Digital polymerase chain reaction

Digital polymerase chain reaction (digital PCR, DigitalPCR, dPCR, or dePCR) is a biotechnological refinement of conventional polymerase chain reaction methods that can be used to directly quantify and clonally amplify nucleic acids strands including DNA, cDNA, or RNA. The key difference between dPCR and traditional PCR lies in the method of measuring nucleic acids amounts, with the former being a more precise method than PCR, though also more prone to error in the hands of inexperienced users.[1] A "digital" measurement quantitatively and discretely measures a certain variable, whereas an “analog” measurement extrapolates certain measurements based on measured patterns. PCR carries out one reaction per single sample. dPCR also carries out a single reaction within a sample, however the sample is separated into a large number of partitions and the reaction is carried out in each partition individually. This separation allows a more reliable collection and sensitive measurement of nucleic acid amounts. The method has been demonstrated as useful for studying variations in gene sequences — such as copy number variants and point mutations — and it is routinely used for clonal amplification of samples for next-generation sequencing.

Principles

The polymerase chain reaction method is used to quantify nucleic acids by amplifying a nucleic acid molecule with the enzyme DNA polymerase.[2] Conventional PCR is based on the theory that amplification is exponential. Therefore, nucleic acids may be quantified by comparing the number of amplification cycles and amount of PCR end-product to those of a reference sample. However, many factors complicate this calculation, creating uncertainties and inaccuracies. These factors include the following: initial amplification cycles may not be exponential; PCR amplification eventually plateaus after an uncertain number of cycles; and low initial concentrations of target nucleic acid molecules may not amplify to detectable levels. However, the most significant limitation of PCR is that PCR amplification efficiency in a sample of interest may be different from that of reference samples. Since PCR is an exponential process, only twofold differences in amplification can be observed, greatly impacting the validity and precision of the results.

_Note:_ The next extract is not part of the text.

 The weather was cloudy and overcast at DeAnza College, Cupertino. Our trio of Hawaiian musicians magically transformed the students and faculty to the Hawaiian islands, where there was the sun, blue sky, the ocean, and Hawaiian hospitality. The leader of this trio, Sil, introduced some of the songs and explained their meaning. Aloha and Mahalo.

Figure 1. Oil droplets containing fluorescent PCR target molecule
Figure 2. Fraction of positive droplets predict number of target copies per droplet modeled by the Poisson distribution

Instead of performing one reaction per well, dPCR involves partitioning the PCR solution into tens of thousands of nano-liter sized droplets, where a separate PCR reaction takes place in each one.[3][4] A PCR solution is made similarly to a TaqMan assay, which consists of template DNA (or RNA), fluorescence-quencher probes, primers, and a PCR master mix, which contains DNA polymerase, dNTPs, MgCl2, and reaction buffers at optimal concentrations. Several different methods can be used to partition samples, including microwell plates, capillaries, oil emulsion, and arrays of miniaturized chambers with nucleic acid binding surfaces.[5] The PCR solution is divided into smaller reactions and are then made to run PCR individually. After multiple PCR amplification cycles, the samples are checked for fluorescence with a binary readout of “0” or “1”. The fraction of fluorescing droplets is recorded.[4] The partitioning of the sample allows one to estimate the number of different molecules by assuming that the molecule population follows the Poisson distribution, thus accounting for the possibility of multiple target molecules inhabiting a single droplet. Using Poisson's law of small numbers, the distribution of target molecule within the sample can be accurately approximated allowing for a quantification of the target strand in the PCR product.[6] This model simply predicts that as the number of samples containing at least one target molecule increases, the probability of the samples containing more than one target molecule increases. In conventional PCR, the number of PCR amplification cycles is proportional to the starting copy number. Different from many peoples's belief that dPCR provides absolute quantification, digital PCR uses statistical power to provide relative quantification. For example, if Sample A, when assayed in 1 million partitions, gives one positive reaction, it does not mean that the Sample A has one starting molecule.

The benefits of dPCR include increased precision through massive sample partitioning, which ensures reliable measurements in the desired DNA sequence due to reproducibility.[4] Error rates are larger when detecting small-fold change differences with basic PCR, while error rates are smaller with dPCR due to the smaller-fold change differences that can be detected in DNA sequence. The technique itself reduces the use of a larger volume of reagent needed, which inevitably will lower experiment cost. Also, dPCR is highly quantitative as it does not rely on relative fluorescence of the solution to determine the amount of amplified target DNA.

Comparison between dPCR and Real-Time PCR (qPCR)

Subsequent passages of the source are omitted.